These facts can be used to simplify the evaluation of a determinant. By using elementary row operations of types \(1\) and \(3\) only, we can transform any square matrix into an upper triangular matrix, and so we can easily evaluate determinant of any square matrix since the determinant of an upper triangular matrix is the product of its diagonal entries.
Thm. For any \(A,B\in M_{n\times n}(F)\), \(\det(AB)=\det(A)\cdot \det(B)\).
Corollary. A matrix \(A\in M_{n\times n}(F)\) is invertible iff \(\det(A)\neq 0\). Furthermore, if \(A\) is invertible, then \(\det(A^{-1})=\frac{1}{\det(A)}\).
Thm.(Cramer's Rule) Let \(Ax=b\) be the matrix form of a system of \(n\) linear equations in \(n\) unknowns, where \(x=(x_1,\cdots,x_n)^t\). If \(\det(A)\neq 0\), then this system has a unique solution, and for each \(k=1,2,\cdots,n\), \(x_k=\frac{\det(M_k)}{\det(A)}\), where \(M_k\) is the \(n\times n\) matrix obtained from \(A\) by replacing column \(k\) of \(A\) by \(b\).
Diagonalization
diagonalizable
eigenvector, eigenvalue, eigenspace
Thm. A linear operator \(T\) on a finite-dimensional vector space \(V\) is a diagonalizable iff there exists an ordered basis \(\beta\) for \(V\) consisting of eigenvectors of \(T\). Furthermore, if \(T\) is diagonalizable, \(\beta=\{v_1,\cdots,v_n\}\) is an ordered basis of eigenvectors of \(T\), and \(D=[T]_{\beta}\), then \(D\) is a diagonal matrix is \(D_{jj}\) is the eigenvalue corresponding to \(v_j\) for \(1\le j\le n\).

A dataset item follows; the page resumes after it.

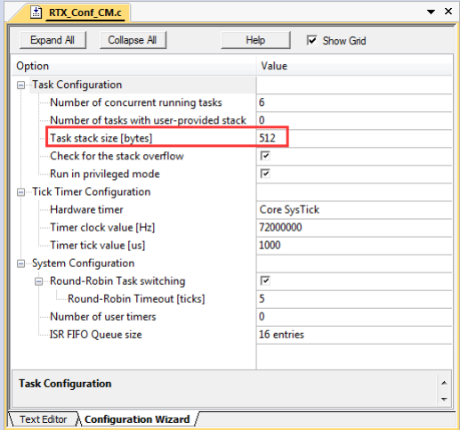 不同于裸机编程,在 RTOS 下,每个任务都有自己的栈空间。任务的栈大小可以在配置向导中通过如下参数进行配置:
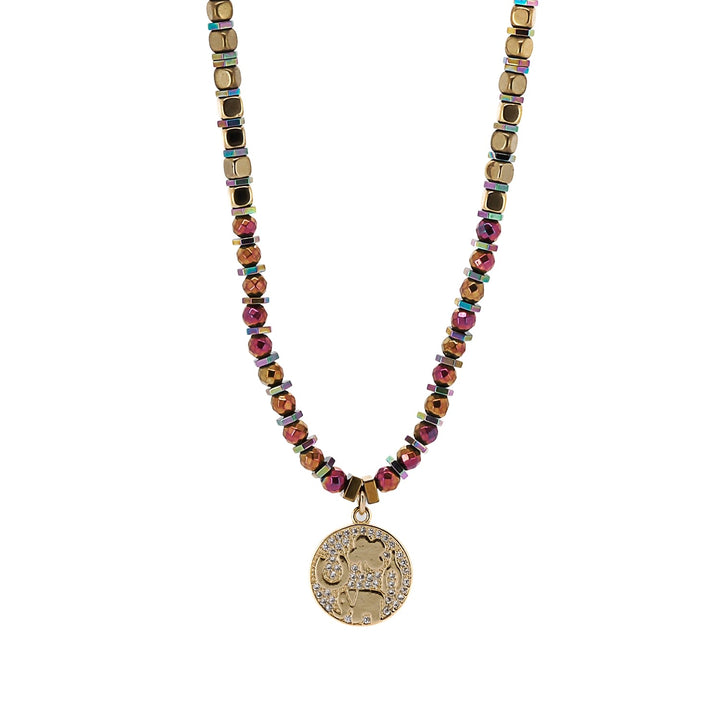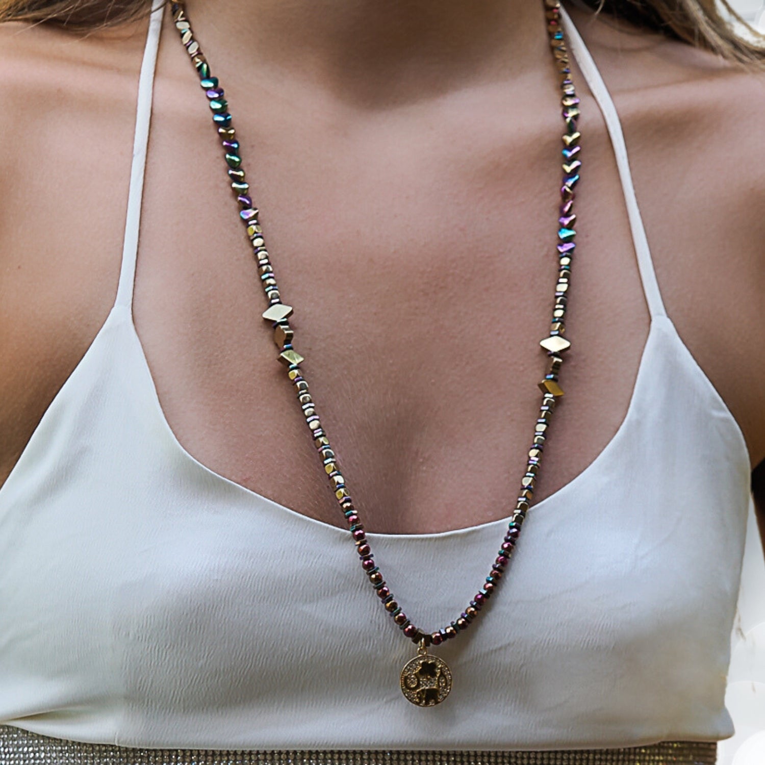 This necklace is made with multicolor heart-shaped hematite stone beads, gold-colored hematite stone beads, and an 18K gold-plated pendant with zircon stones. The necklace is 28" long, and the pendant is 0.7" high and 0.7" wide.

characteristic polynomial, split, (algebraic) multiplicity
计算矩阵 \(A\) 的特征值,通过求关于 \(t\) 的多项式 \(\det(A-tI)\) 的根。计算 \(\lambda\) 对应的特征向量,只要解方程 \((A-\lambda I)x=0\).
计算线性算子 \(T\) 的特征值和特征向量,先选一个基 \(\beta\),求 \(A=[T]_{\beta}\) 的特征值和特征向量。\(A\) 的特征值就是 \(T\) 的特征值,\(A\) 的特征向量是 \(T\) 的特征向量在基 \(\beta\) 下的坐标。
Thm. Let \(T\) be a linear operator on a finite-dimensional vector space \(V\) such that the characteristic polynomial of \(T\) splits. Let \(\lambda_1,\cdots,\lambda_k\) be the distinct eigenvalues of \(T\). Then
- \(T\) is diagonalizable if and only if the multiplicity of \(\lambda_i\) is equal to \(\dim(E_{\lambda_i})\) for all \(i\).
- If \(T\) is diagonalizable and \(\beta_i\) is an ordered basis for \(E_{\lambda_i}\) for each \(i\), then \(\beta=\beta_1\cup \cdots \beta_k\) is an ordered basis for \(V\) consisting of eigenvectors of \(T\).
这个定理给出了对角化的方法。
微分方程组 \(\frac{\text{d}}{\text{d}t}x=Ax\)
考虑线性常微分方程组 \(x_i'=\sum_{j=1}^{n}a_{ij}x_j, i=1,2,\cdots,n\),其中 \(x_i=x_i(t)\) 是关于 \(t\) 的函数。对 \(A\) 做对角化 \(Q^{-1}AQ=D\),设 \(y=Q^{-1}x\),则 \(y’=Dy\)。根据 \(D\) 是对角矩阵求 \(y\),进而求得 \(x\)。
sum, direct sum
\(T\)-invariant, \(T\)-cyclic subspace of \(V\) generated by \(x\)
Let \(T\) be a linear operator on a vector space \(V\), and let \(x\) be a nonzero vector in \(V\). The subspace \(W=\text{span}(\{x,T(x),T^2(x),\cdots\})\) is called the \(T\)-cyclic subspace of \(V\) generated by \(x\).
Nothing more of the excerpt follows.